One of the world’s preeminent experts on sustainable agriculture, Neil Hamilton has never had more influence. Find out why.

Written by Ken Fuson
Photos by Duane Tinkey

It’s a revolution you can taste. 

Today’s grocery store aisles are stocked with organic foods, the number of farmers markets has doubled in the past decade alone and Michael Pollan’s books encouraging people to eat “real” instead of processed food are best sellers.  And on the South Lawn of the White House, Michelle Obama and her two daughters have planted a vegetable garden, which Neil Hamilton calls “the most powerful garden that’s been planted in America since World War II.”

These are hopeful and busy days for Hamilton, the 56-year-old director of the Agricultural Law Center at Drake University. He has spent much of his adult life in two pursuits: leveling the legal playing field for small-time farmers, and promoting the notion that expanding opportunities in sustainable agriculture is about something more important than taste, nutrition, health and commerce. It’s about democracy.

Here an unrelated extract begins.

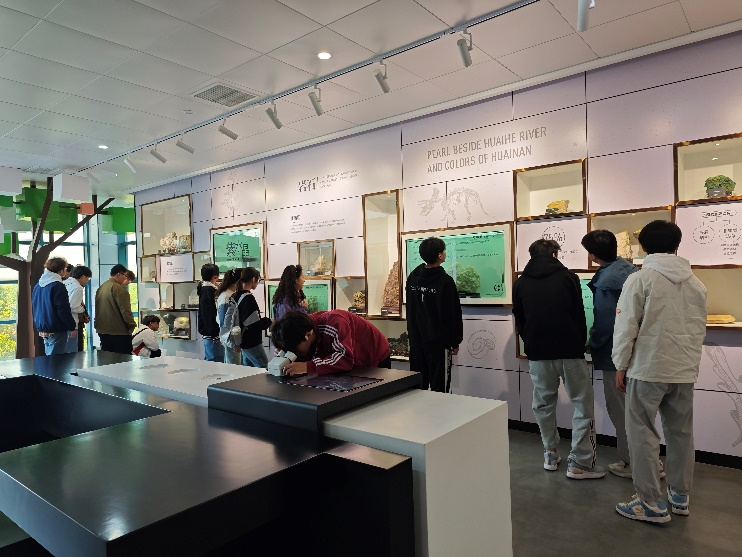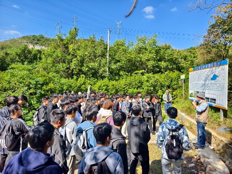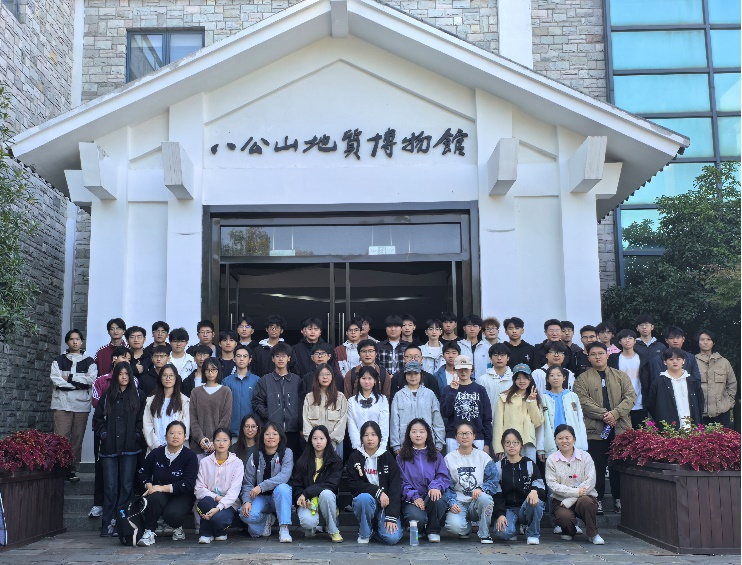 11月2日,新能源专业23级本科生又赴淮南市八公山国家地质公园继续开展地质实习。八公山国家地质公园以形成于距今约5.4至5.1亿年前的寒武系下、中统剖面及所产的丰富的古生物化石为特色,发现有古生代寒武纪的须宛类、环节类、三叶虫等古生物化石。同学们先后认识了公园内出露的典型地层、地貌特征,参观了八公山地质博物馆,通过对馆内艺术展板和化石标本的学习,加深了对《能源地质学》课本中理论知识例如地层、岩石、煤炭等概念的理解。其中,地质公园内的八公山“石林”给同学们留下最为深刻的印象。它由属于寒武纪下统地层的厚层状白云质灰岩、白云质角砾岩组成,出露高度约1.5~5米。由于曾经受到两组高角度节理(劈理)的影响,加之长时间受到风雨剥蚀、搬运,以及植物生长的综合影响,形成了江北地区罕见的石林石芽地貌,为研究古地质、古气候、古生物等提供了重要的线索和资料。

He’s never had more influence. Hamilton advised Barack Obama on agricultural issues and rural affairs during the 2008 presidential campaign. He and Tom Vilsack, the former Iowa governor and current U.S. secretary of agriculture, are close friends, kindred spirits and former teaching partners at Drake. The “Know Your Farmer, Know Your Food” initiative that Vilsack’s department launched last year has Hamilton’s fingerprints all over it. “He’s a great guy,” Vilsack says. “He’s helping us a lot.” 

Hamilton gives as many as 30 presentations a year and writes frequently about agriculture issues for newspapers’ opinion pages. He is invited to testify before Congress. He is considered a pioneer and expert in the field of agricultural law. When Iowa Public Television sought opposing viewpoints to discuss the controversial documentary “Food Inc.,” they matched Hamilton, as a promoter of sustainable agriculture, against Craig Lang, president of the Iowa Farm Bureau Federation. 

“We have some general disagreements about agriculture policy, but I think he’s a good person,” Lang says. “He’s honest, and he speaks of what he believes. He has a very, very deep loyalty to Iowa.”

Neil Harl, a retired professor of economics at Iowa State University and one of Hamilton’s mentors, says Hamilton has become “the world’s expert in the problems related to small-farm agriculture and a different system of moving food to the supermarket and to the consumer. And that’s a growing area.”

Hamilton—who, with his wife, Khanh, also oversees Sunstead Farm, a 12-acre vegetable garden near Waukee—downplays his influence in the burgeoning local food movement, saying, “There were a lot of people with their hand on the oars.” But it’s not the water Hamilton has had his hands in most of his life; it’s the fertile Iowa soil, certainly long enough to know when the time is ripe. 

At Sunstead Farm, Neil and Khanh Hamilton grow about two dozen different vegetables and herbs, and some 80 varieties of heirloom tomatoes.

Behold the tomato.

Or don’t. It’s your choice, and that’s fine with Hamilton. If you don’t care who grew the tomato, or why the tomatoes found in grocery stores often taste blander than the kind grown in an Iowa garden—well, it’s a free country. 

“But don’t tell me that can be the only system we can have,” Hamilton says.

There are people who care deeply about tomatoes, who understand there are more than 7,500 varieties, who want to grow them or simply enjoy them, who think that farmers selling their tomatoes in the city is good for the urban people who buy them, as well as for the farmers who take that money back and spend it in their small town. Hamilton says they deserve the same respect as someone who takes the food supply for granted.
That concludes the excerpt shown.